#### Extracted data
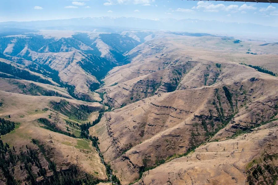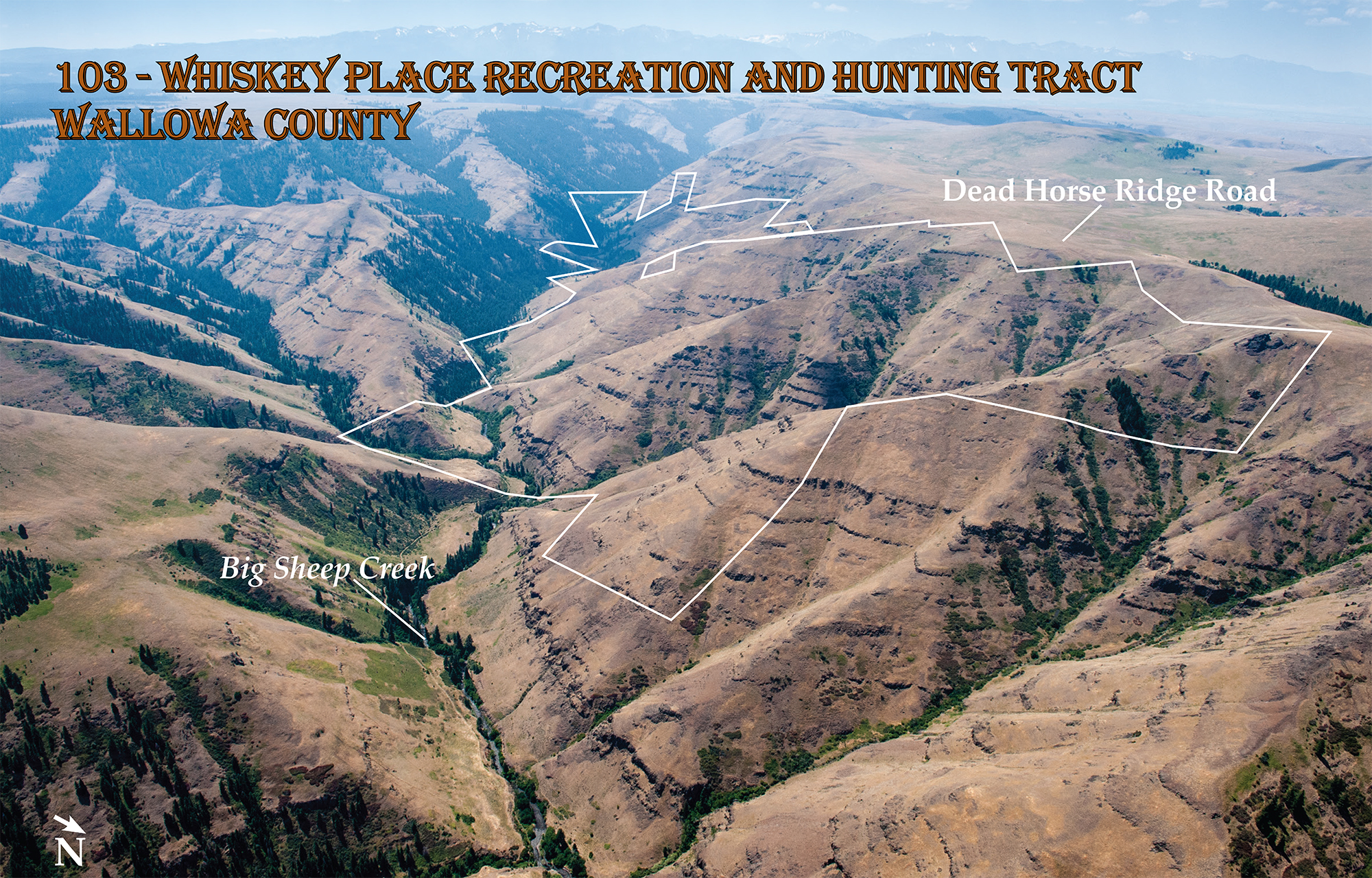 The 1,439 acre Whiskey Place Recreation and Hunting Tract is located one mile north of Marr Flat, along the southeast steep-facing slopes of Dead Horse Ridge, with over two miles of Big Sheep Creek frontage. Most of the property is steep, with a small portion of the tract in Sections 28 and 22 having frontage along Dead Horse Ridge Road, which could accommodate a base camp.
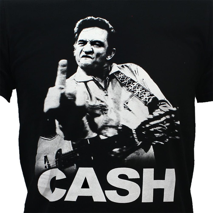 A beautiful original T-Shirt from the legendary Folk & Country singer Johnny Cash! This shirt has the famous print of him with his middle finger. This shirt is available in different sizes from size S to size XXL. Johnny Cash has been married for a while to the well-known country singer June Carter….
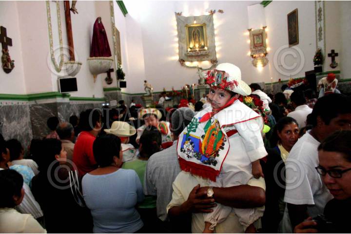 OAXACA, OAXACA 12DICIEMBRE2006.- En la Iglesia de Guadalupe, ubicada en el parque Juarez del llano, se llavan acabo las celebraciones del día de la Virgen de Guadalupe.En la imagen un niño es vestido con ropa de manta como Juan Diego. FOTO: MAX NUÑÉZ /CUARTOSCURO.COM
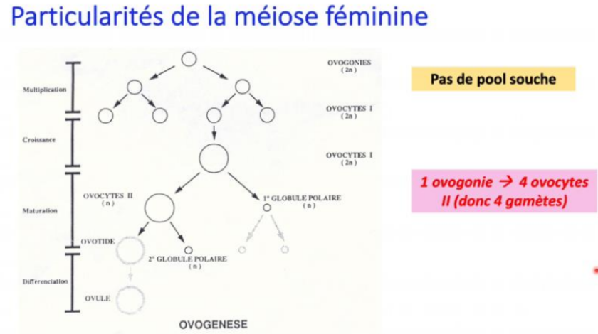 Bonjour, j'arrive pas vraiment à comprendre pourquoi 1 ovogonie donne 4 ovocytes II, pour moi c'est un ovogonie donne deux ovocytes I qui donnent eux même chacun un ovocyte II et un premier globule polaire. Du coup on a finalement que 2 ovocyte II non ?
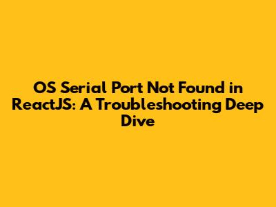 By understanding these potential causes, you're well on your way to diagnosing and resolving the "OS Serial Port Not Found" issue in your ReactJS project. Remember, it's a multi-faceted problem that often requires a combination of software and hardware checks.
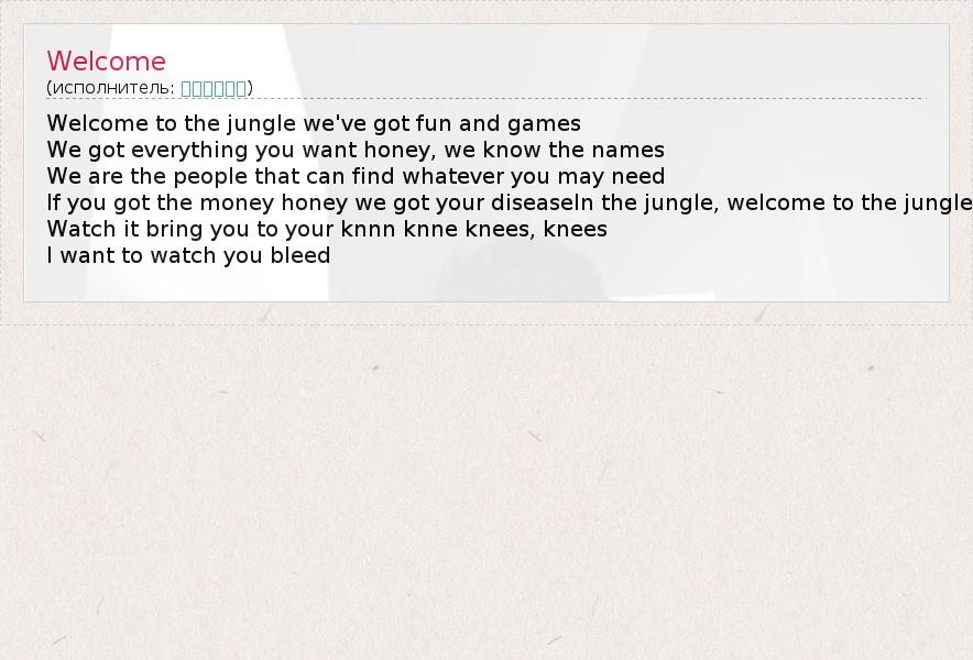 А как ты думаешь, о чем песня "Welcome" ?
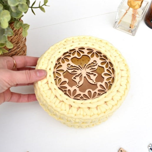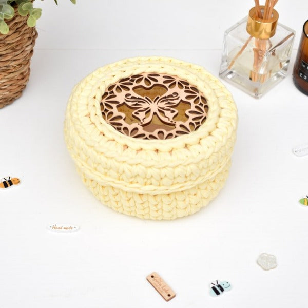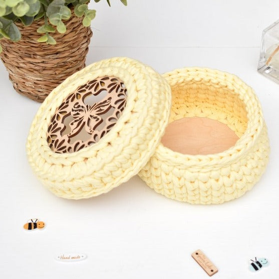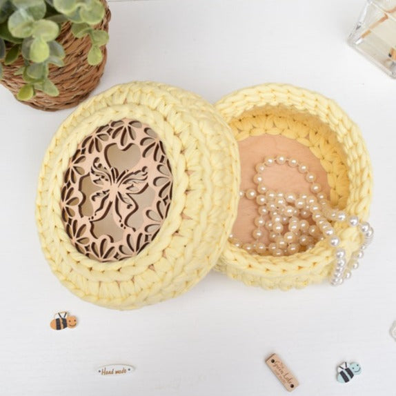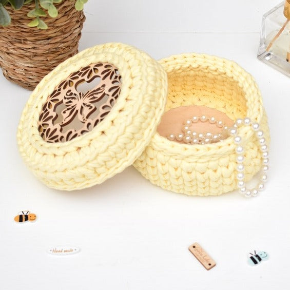 Small hand crocheted basket with lid- Perfect for jewellery, cosmetics and other small bits 'n' bobs!
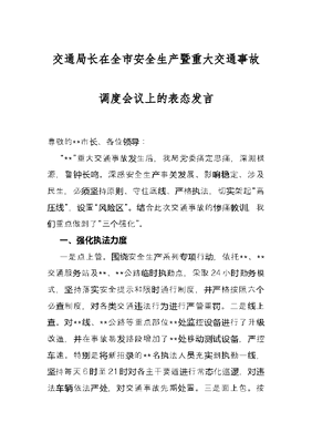 交通局长在全市安全生产暨重大交通事故调度会议上的表态发言.docx
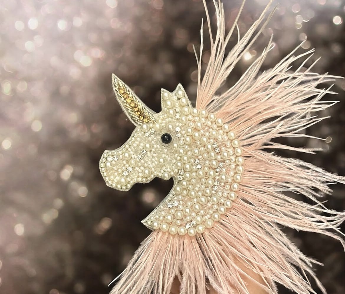 This handmade unicorn brooch with feathers is a magical statement accessory designed for lovers of fantasy and unique jewellery. Carefully crafted with intricate details, it adds charm to jackets, dresses, bags, and scarves.
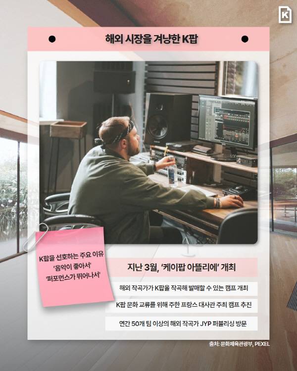 이에 K팝도 영어 가사 비중을 늘리고 해외 작곡가 참여를 확대하며 글로벌 시장에 최적화된 방향을 택하고 있다. 지난 3월 주한 프랑스 대사관은 해외 작곡가가 K팝을 작곡해 발매할 수 있는 ‘케이팝 에뜰리에’ 캠프를 열었고, JYP 퍼블리싱은 연간 50개 팀 이상 해외 작곡가와 협업한다. K팝이 세계인의 취향을 반영하며 변화하고 있음을 보여준다.
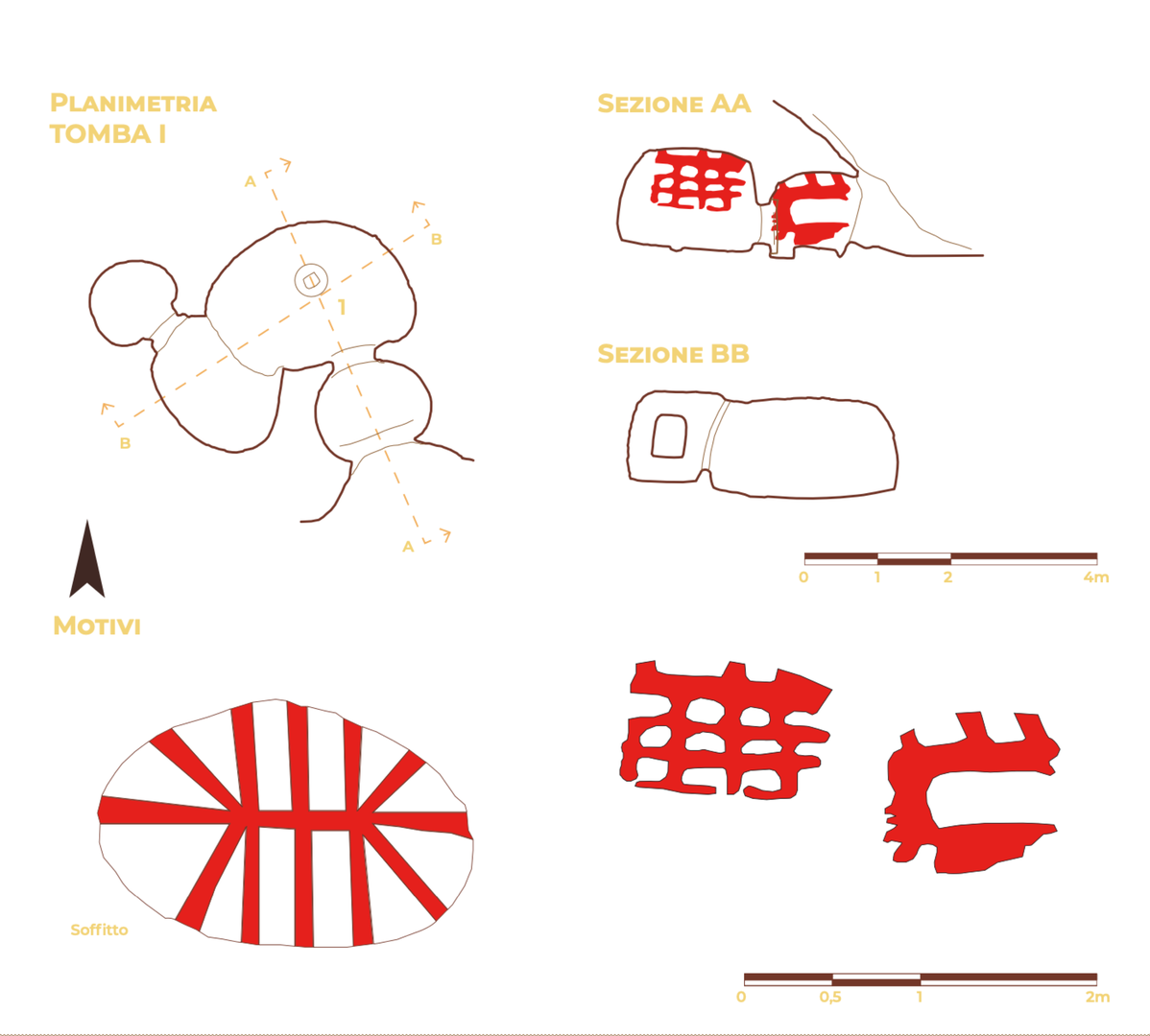 Sulla parete d’ingresso e in parte su quelle laterali della cella principale, è presente un motivo dipinto “a reticolato” costituito da fasce orizzontali e verticali di colore rosso. Il disegno, ben conservato sulla parete est per tre serie sovrapposte di riquadri, prosegue al di sopra e ai lati del portello d’ingresso, con riquadri di dimensioni maggiori. Il motivo “a reticolato” riprodurrebbe, pur con le riserve del caso, l’intelaiatura delle pareti laterali della capanna preistorica costituita da pali sistemati in senso sia verticale sia orizzontale. Allo stato attuale delle ricerche, il motivo “a reticolato” - per le dimensioni eccezionali e per il fatto di essere reso tramite pittura - costituisce un unicum.
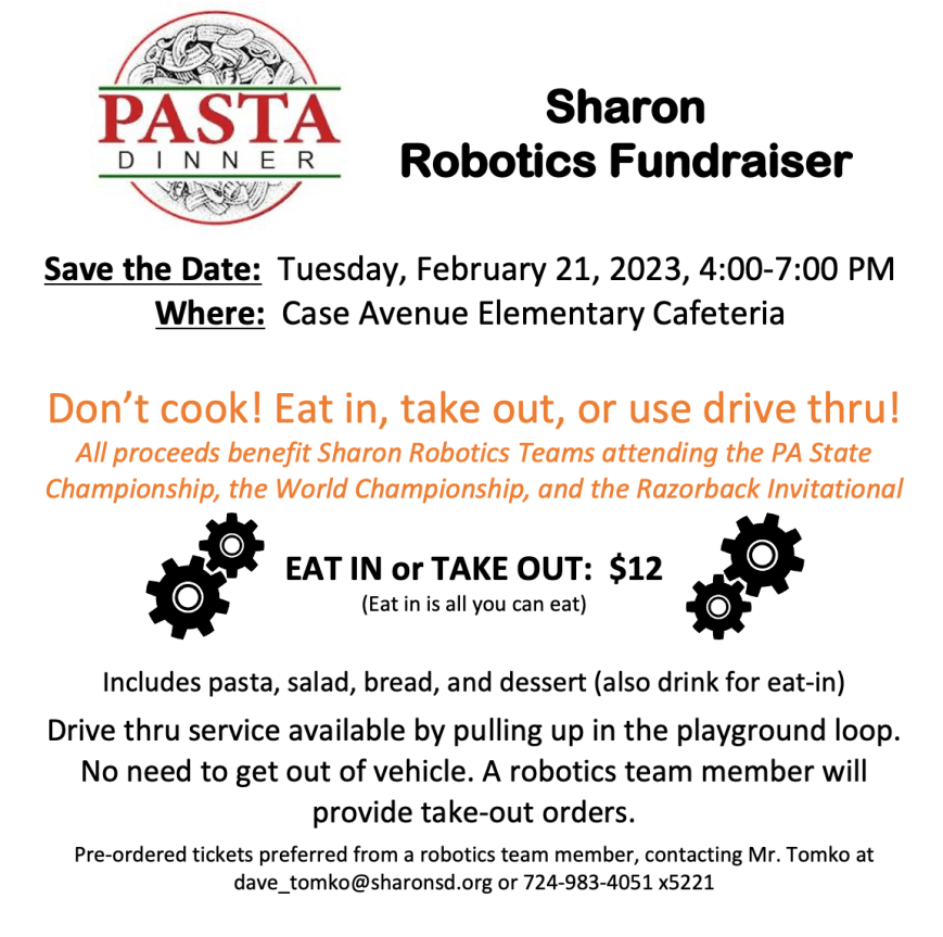 Save the Date: Tuesday, February 21, 2023, 4:00-7:00 PMWhere: Case Avenue Elementary Cafeteria Don’t cook! Eat in, take out, or use drive thru!All proceeds benefit Sharon Robotics Teams attending the PA FTC State Championship, the FIRST World Championship, and the Razorback Invitational EAT IN or TAKE OUT: $12(Eat in is all you can eat) IncludesContinue reading Pasta Dinner Fundraiser
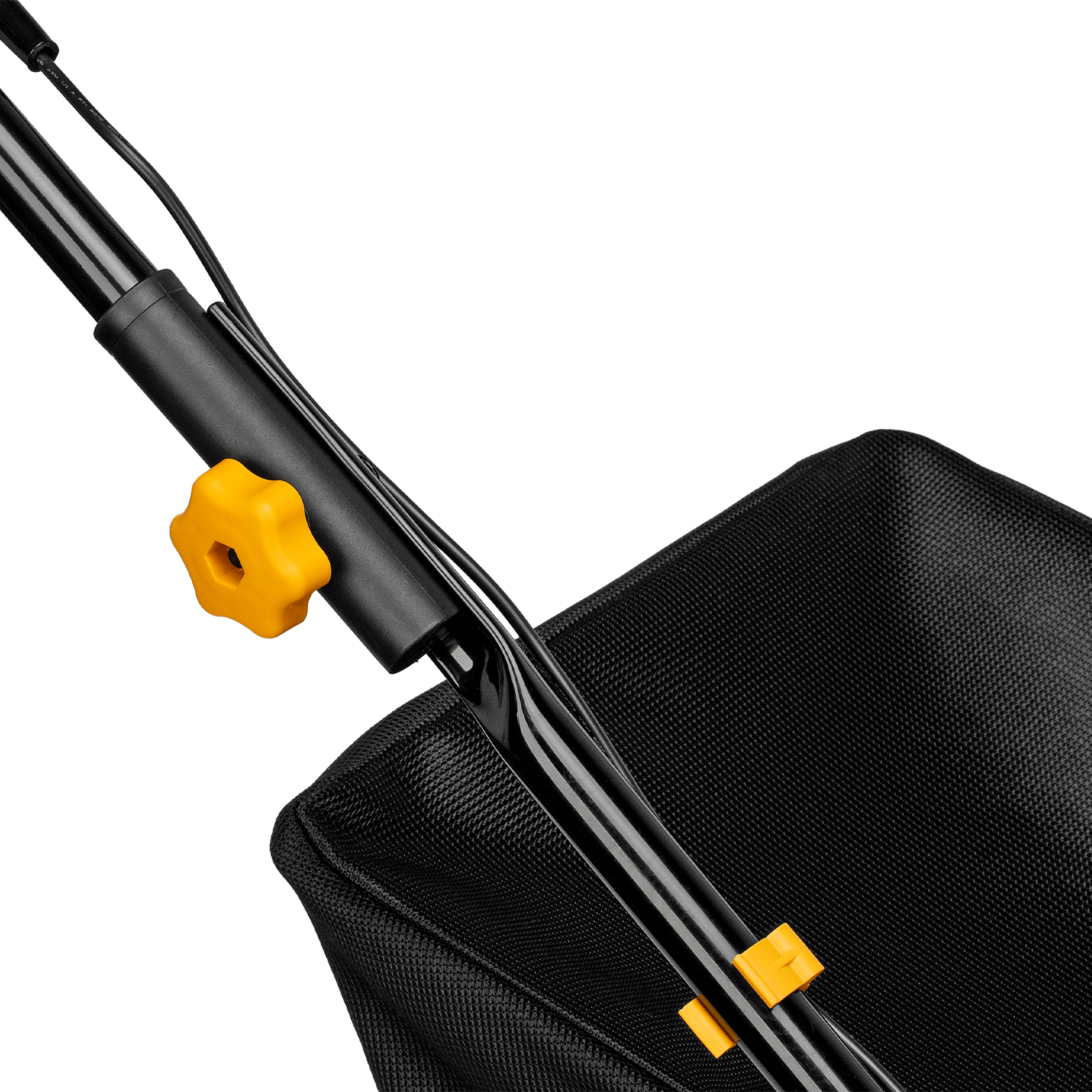 - Удобная эксплуатация — комбинированный травосборник объемом 70 л легко опустошать и чистить.
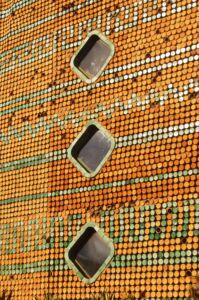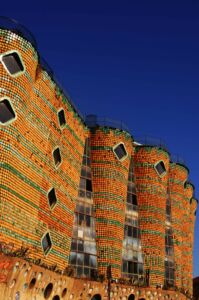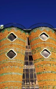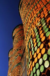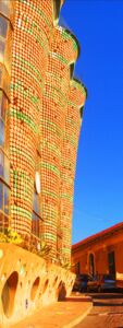 La gioiosa facciata esterna a moduli conoidali convessi è un blocco strutturale organico e continuo. Come le volte romane e bizantine realizzate a partire da tubi fittili, gli elementi sinuosi sono strutturali. Si combinano ferretti d’acciaio e tubi ceramici, a riprendere concettualmente l’idea dell’«opus moderno» dei blocchi sperimentati da Wright nelle case californiane degli anni venti.
########
### Try it
Output only the stretch above from the line with "OAXACA, OAXACA 12DICIEMBRE2006.- En" through the line with "이에 K팝도 영어 가사", reproduced exactly. Exclude pictures.

### Exercise solution
 OAXACA, OAXACA 12DICIEMBRE2006.- En la Iglesia de Guadalupe, ubicada en el parque Juarez del llano, se llavan acabo las celebraciones del día de la Virgen de Guadalupe.En la imagen un niño es vestido con ropa de manta como Juan Diego. FOTO: MAX NUÑÉZ /CUARTOSCURO.COM
 Bonjour, j'arrive pas vraiment à comprendre pourquoi 1 ovogonie donne 4 ovocytes II, pour moi c'est un ovogonie donne deux ovocytes I qui donnent eux même chacun un ovocyte II et un premier globule polaire. Du coup on a finalement que 2 ovocyte II non ?
 By understanding these potential causes, you're well on your way to diagnosing and resolving the "OS Serial Port Not Found" issue in your ReactJS project. Remember, it's a multi-faceted problem that often requires a combination of software and hardware checks.
 А как ты думаешь, о чем песня "Welcome" ?
 Small hand crocheted basket with lid- Perfect for jewellery, cosmetics and other small bits 'n' bobs!
 交通局长在全市安全生产暨重大交通事故调度会议上的表态发言.docx
 This handmade unicorn brooch with feathers is a magical statement accessory designed for lovers of fantasy and unique jewellery. Carefully crafted with intricate details, it adds charm to jackets, dresses, bags, and scarves.
 이에 K팝도 영어 가사 비중을 늘리고 해외 작곡가 참여를 확대하며 글로벌 시장에 최적화된 방향을 택하고 있다. 지난 3월 주한 프랑스 대사관은 해외 작곡가가 K팝을 작곡해 발매할 수 있는 ‘케이팝 에뜰리에’ 캠프를 열었고, JYP 퍼블리싱은 연간 50개 팀 이상 해외 작곡가와 협업한다. K팝이 세계인의 취향을 반영하며 변화하고 있음을 보여준다.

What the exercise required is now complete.